Properties of voltage‐activated [Ca 2+ ] i transients in single smooth muscle cells isolated from pregnant rat uterus

1 The intracellular calcium concentration ([Ca 2+ ] i ) was measured at 35 °C using the fluorescent indicator indo‐1 in patch‐clamped, single uterine myocytes from pregnant rats to investigate the relationship between depolarization, Ca 2+ current ( I Ca ) and [Ca 2+ ] i . 2 Membrane depolarization activated I Ca and produced a [Ca 2+ ] i transient. The rapid increase in [Ca 2+ ] i occurred at the same time as the inward I Ca . Both I Ca and the increase in [Ca 2+ ] i were abolished by nifedipine (10 μ m ). 3 When the membrane potential was held at ‐80 mV the threshold depolarization for an increase in [Ca 2+ ] i was about ‐55 to ‐50 mV. As the magnitude of the depolarization was increased to about 0 mV there was an increase in the size of both I Ca and the increase in [Ca 2+ ] i . As the magnitude of the depolarization was further increased both I Ca and the [Ca 2+ ] i increase declined. 4 When the depolarizing pulses were applied at 3 Hz to mimic normal action potentials then the individual [Ca 2+ ] i transients did not fully relax and a tetanic rise of [Ca 2+ ] i was observed.
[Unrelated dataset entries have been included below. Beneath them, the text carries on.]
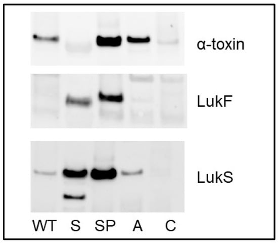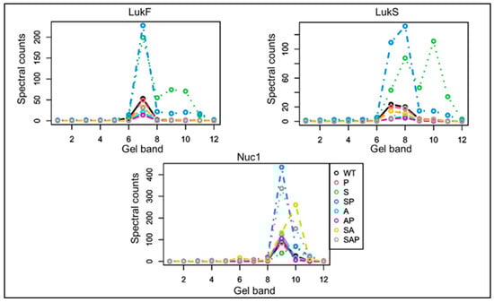 Additionally,, we previously concluded that LukF is only present in a truncated form in CM from the sarA mutant and that this might be a limiting factor in the activity of the bi-component Panton–Valentine leukocidin (PVL) [20]. Here, we confirmed the presence of this truncated product and the fact that it was absent in CM from the protease-deficient sarA mutant, but also detected a larger version of LukF that was not apparent by Western blot (Figure 1). This size of this protein was similar to full-length LukF, but it was nevertheless truncated as evidenced by the loss of an antibody-binding site [20]. Thus, this does not contradict the suggestion that the absence of full-length LukF may be a limiting factor in the phenotypic impact of PVL, but it does further illustrate the utility of our mass-based approach. This did not appear to be a concern with LukS and Nuc1 in that both full-length and truncated versions of these proteins were detected by both Western blot and in our proteomics analysis (Figure 1).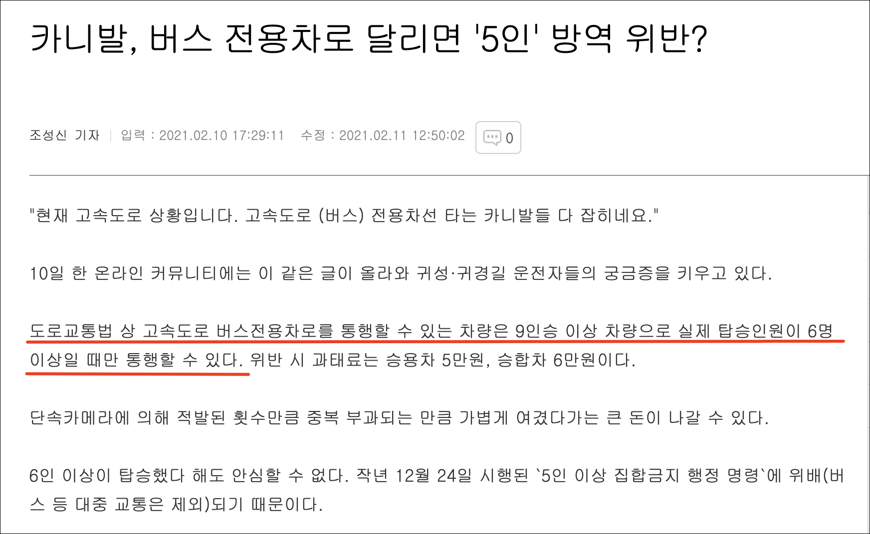 카니발, 버스 전용차로 달리면 `5인` 방역 위반?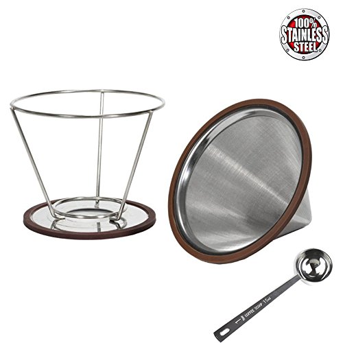 -. Title : 4 Coffee Filters Pour Over Coffee Filter 2-4 Cup 18\10(304) Stainless Steel Reusable Coffee Cone Coffee Maker and Holder Micro Filter Coffee Dripper and Coffee Scoop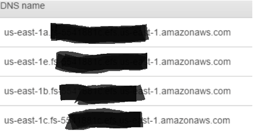 7. 6번째 순서의 DNS Names를 선택하면 아래와 같이 mount point 확인 가능

Under these conditions, there was not a simple relationship between the magnitude of the Ca 2+ response and Ca 2+ entry. When pairs of depolarizing pulses were applied, the increase in [Ca 2+ ] i produced by the second pulse was larger (in relation to the magnitude of the L‐type Ca 2+ current) than that produced by the first pulse. This facilitation was abolished by both ryanodine and cyclopiazonic acid suggesting a role for release from intracellular stores. 5 We conclude that the L‐type Ca 2+ current is the major source of Ca 2+ ions entering the cell to produce the [Ca 2+ ] i transient on depolarization. The magnitude of the increase in [Ca 2+ ] i may, however, be amplified by Ca 2+ ‐induced Ca 2+ release.